Summary of invention

Technical Problem

[0006] The invention has for technical problem to overcome at least one drawback of the above cited prior art. More specifically, the invention has for technical problem to facilitate an automated replacement of gas cylinders at a gas consumption station.

Technical solution

[0007] The invention is directed to a valve for compressed gas, comprising: a body with an inlet, an outlet and a passage interconnecting said inlet and with outlet; a shut-off device with a shutter mobile in translation along a longitudinal axis of the valve for cooperating with a seat in the passage, said shutter being urged by one or more elastic elements against said seat so as to normally close said passage; an actuating device configured to convert a pressure into a lifting movement of the shutter off the seat so as to open the passage; wherein the actuating device comprises an external circular flange or groove extending around the longitudinal axis and configured for being engaged by a robotic interface providing the pressure to the actuating device.

[0008] According to a preferred embodiment, the actuating device comprises, relative to the longitudinal axis, a proximal half-portion and a distal halfportion, the external circular flange or groove being formed or attached to the distal half-portion.

[0009] According to a preferred embodiment, the actuating device comprises a fluid port or a tappet for receiving the pressure from the robotic interface, said fluid port or tappet being centred with the external circular flange or groove.

[0010] According to a preferred embodiment, the port or tappet of the actuating device is configured to be engaged by the robotic interface by a translational movement along the longitudinal axis.

[0011] According to a preferred embodiment, the fluid port or tappet of the actuating device is located on a distal outer face of said actuating device, that is transversal to the longitudinal axis.

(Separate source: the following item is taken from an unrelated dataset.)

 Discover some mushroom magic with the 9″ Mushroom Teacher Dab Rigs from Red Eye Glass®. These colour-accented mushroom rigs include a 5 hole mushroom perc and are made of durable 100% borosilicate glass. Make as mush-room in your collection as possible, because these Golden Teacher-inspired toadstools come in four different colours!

[0012] According to a preferred embodiment, the external circular flange or groove comprises an annular inner surface that is perpendicular to the longitudinal axis or positively tapers relative to a plane perpendicular to the longitudinal axis, so as to form a positive contact surface for engagement by locking elements of the robotic interface.

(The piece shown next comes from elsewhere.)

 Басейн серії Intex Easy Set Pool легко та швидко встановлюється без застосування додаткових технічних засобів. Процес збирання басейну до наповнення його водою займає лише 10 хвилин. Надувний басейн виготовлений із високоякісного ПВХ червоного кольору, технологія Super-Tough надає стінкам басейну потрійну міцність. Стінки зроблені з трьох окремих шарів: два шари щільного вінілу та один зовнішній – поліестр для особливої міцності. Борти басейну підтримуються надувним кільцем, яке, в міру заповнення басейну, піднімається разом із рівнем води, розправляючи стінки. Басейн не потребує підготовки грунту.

[0013] According to a preferred embodiment, the actuating device comprises a locking device movable from a locked position preventing the shut-off device from being opened to an unlocked position allowing the shut-off device to be opened, and vice versa, said locking device comprising an actuating element located on a distal outer face of said actuating device, that is transversal to the longitudinal axis so as to be engaged by the robotic interface.

[0014] According to a preferred embodiment, the actuating element of the locking device is movable in rotation around the longitudinal axis and shows an outer surface that is noncircular or with at least one indent so as to be engaged in rotation by the robotic interface. [0015] According to a preferred embodiment, the actuating element of the locking device is formed by the circular flange.

[0016] According to a preferred embodiment, the locking device is configured to, in the locked position, mechanically engage with the shutter of the shut-off device in order to prevent the lifting movement of the shutter off the seat.

[0017] According to a preferred embodiment, the locking device comprises a rotatable element threadably engaged with the body so as to, upon rotation, move in translation along the longitudinal axis and prevent the lifting movement of the shutter off the seat.

[0018] According to a preferred embodiment, the fluid port or tappet extends longitudinally through the rotatable element of the locking device.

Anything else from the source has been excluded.